## REQUIREMENT
An exact restatement of the data below, with the pictures removed, is the required answer.

[[ PROVIDED RECORDS open ]]

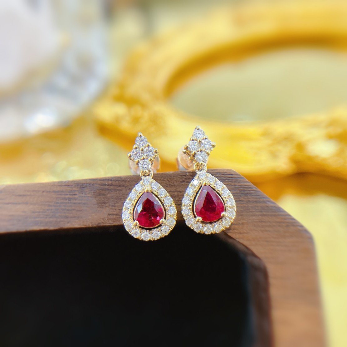 0.64 Cts Vivid Red Ruby Pear Shape Gemstone From Mozambic 0.36 Cts Diamond Earring in 18k Gold Jewelry Gross Wt. 2.02 Gms
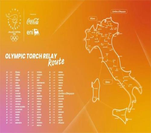 米兰冬奥会火炬传递路线公布,将穿越意大利20个大区110个省份
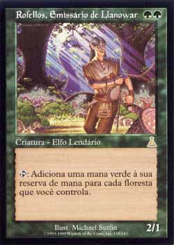 | Nome em Inglês: | Rofellos, Llanowar Emissary | | Nome em Português: | Rofellos, Emissário de Llanowar | | Custo de Mana: |   | | Tipo: | Criatura Lendária - Elfo Druida | | Texto: | : Adiciona a sua reserva de mana para cada Floresta que você controla. | | P/T: | 2/1 | | Série: |  | | Raridade: | Raro | | Card: | 118 |
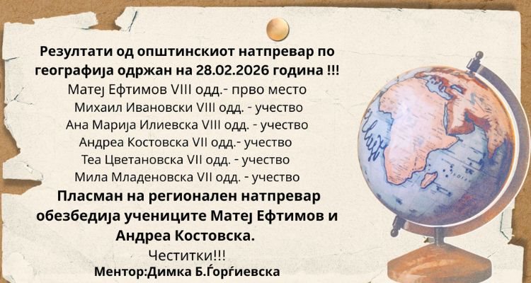 На 28.02.2026 се одржа општинскиот натпревар по географија.
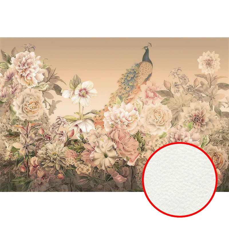 Фреска Ortograf Цветы 6720 Фактура флок FLK Флизелин (4*2,7) Бежевый/Розовый, Цветы/Птицы

[[ PROVIDED RECORDS closed ]]

## SOLUTION TO THE EXERCISE
 0.64 Cts Vivid Red Ruby Pear Shape Gemstone From Mozambic 0.36 Cts Diamond Earring in 18k Gold Jewelry Gross Wt. 2.02 Gms
 米兰冬奥会火炬传递路线公布,将穿越意大利20个大区110个省份
 | Nome em Inglês: | Rofellos, Llanowar Emissary | | Nome em Português: | Rofellos, Emissário de Llanowar | | Custo de Mana: |   | | Tipo: | Criatura Lendária - Elfo Druida | | Texto: | : Adiciona a sua reserva de mana para cada Floresta que você controla. | | P/T: | 2/1 | | Série: |  | | Raridade: | Raro | | Card: | 118 |
 На 28.02.2026 се одржа општинскиот натпревар по географија.
 Фреска Ortograf Цветы 6720 Фактура флок FLK Флизелин (4*2,7) Бежевый/Розовый, Цветы/Птицы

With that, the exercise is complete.